When things go wrong for large-revenue teams it often takes the form of "spent a quarter of a billion dollars on someone who got hurt or otherwise didn't deliver that level of value". If a free agent craters, he hurts the team by taking up a roster spot and a huge chunk of the budget, but he also becomes problematic to trade away for something better. For small-revenue teams when things go wrong it often takes the form of "we aimed for a particular window to be competitive and the timing didn't work out". When a set of prospects have a setback, they either shift the window when they are ready, or they can't easily be traded for someone who fits the window better. For our purposes the big free agent busts are very public, while the window-timing thing is essentially happening in private. I mean, prospect setbacks are public but they're pretty low-profile compared to top free agent developments, and the window-timing thing requires many moving parts that are not always obvious. The Pirates did it in the McCutcheon prime years; the Royals did it in the latter part of Alex Gordon's prime years; the Rays are doing it by constant meddling with all the moving parts.
   51. Ziggy: social distancing since 1980 Posted: September 08, 2021 at 01:12 PM (#6038696)
Baseball will never have the guts to force perennially noncompetitive owners to sell, but they can punish their bottom line.

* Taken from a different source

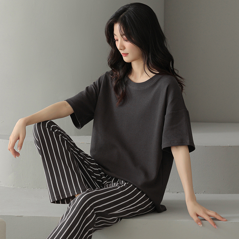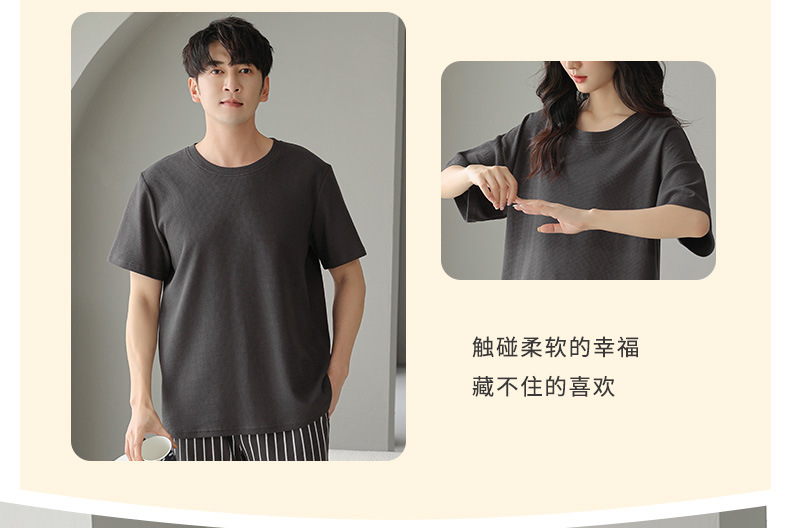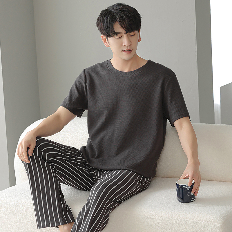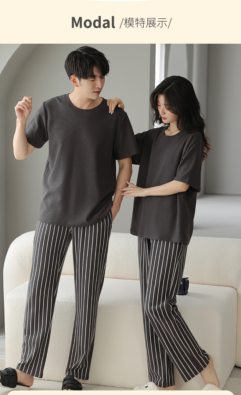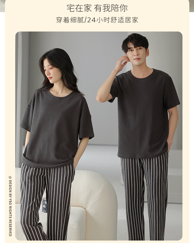 남성과 여성을 위한 커플 잠옷 봄과 여름 와플 순면 반팔 바지 캐주얼 여름 간단한 홈웨어 세트
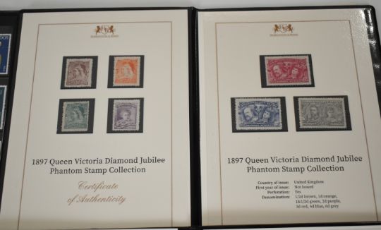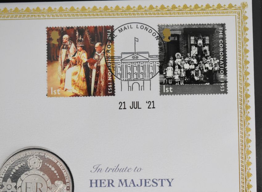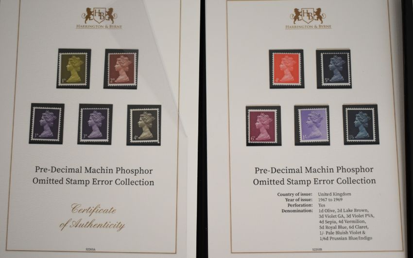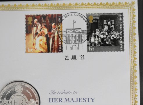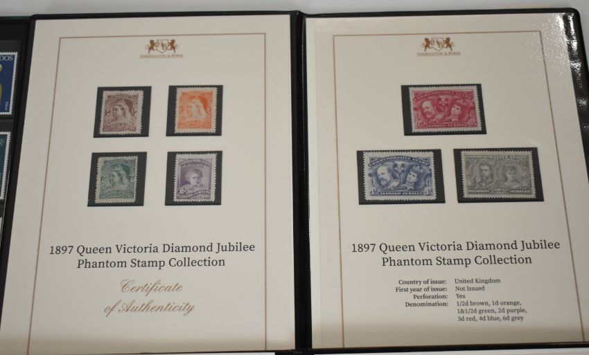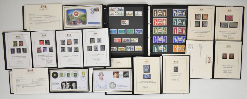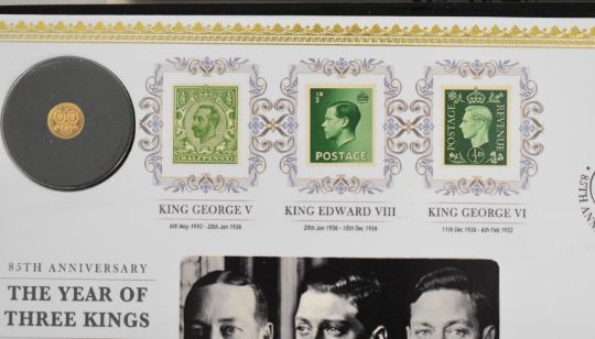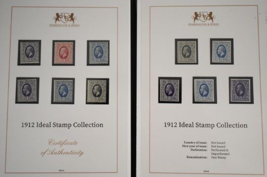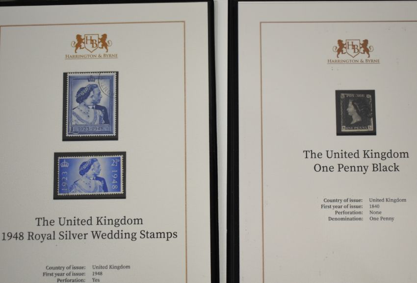 Collection of Harrington & Byrne folders with stamp and coin covers including 2021 Three Kings coin cover with Tristan da Cunha 0.5g fine gold coin, 2021 Tribute to HM Queen Elizabeth II coin cover, 2019 30th Anniversary of Wallace & Gromit coin cover with 925 silver proof 50p, 1897 and 1912 stamp essay sets, 1840 1d black with black Maltese cross and two full and two half margins, also includes two 1870 three halfpence used stamps and 1948 GB Royal Silver Wedding used pair

I don't know that they'd want to. Marginal wins are worth more to the Yankees than they are to the Indians. In order to get those wins, the Yankees need someone to beat up on. Paying the Indians to let them beat up on them seems like a good idea. (Whether paying them as much as they do is worth it is another question, but in principle the idea works.) Baseball teams probably need some degree of competitive balance, but not too much - you want most of the wins to go to the teams to whom they are most valuable.

More generally, there really isn't any problem here. Some fans don't like it when organizations don't field competitive teams, and they complain about it. But it's just fans complaining. Some teams, like the Marlins, have decided that turning fans off doesn't matter - revenue sharing gives them profits with zero risk. If you're a risk-averse business owner, that's a great deal! Others have decided that losing revenue now, and whatever decreased residual fan interest there may be, is worth it in order for increased revenue later (when the team has a better chance to be competitive). Whether that decision is a good one or not doesn't depend on whether not caring about your wins this year is a "disgrace" (that's just a fan's complaint), it depends on whether or not the team expects to bring in enough revenue in the future to make up for what it's losing now (together with time-value of money considerations and the like). And the teams are in much better positions to make those judgments than we are.
   52. Zach Posted: September 08, 2021 at 08:13 PM (#6038800)
#50 -- KC spent a long time signing mediocre veterans to make losing seasons slightly better before the first wave of prospects came up in 2012.

Greinke forced his way out of town; if he wanted to stay they would have kept him.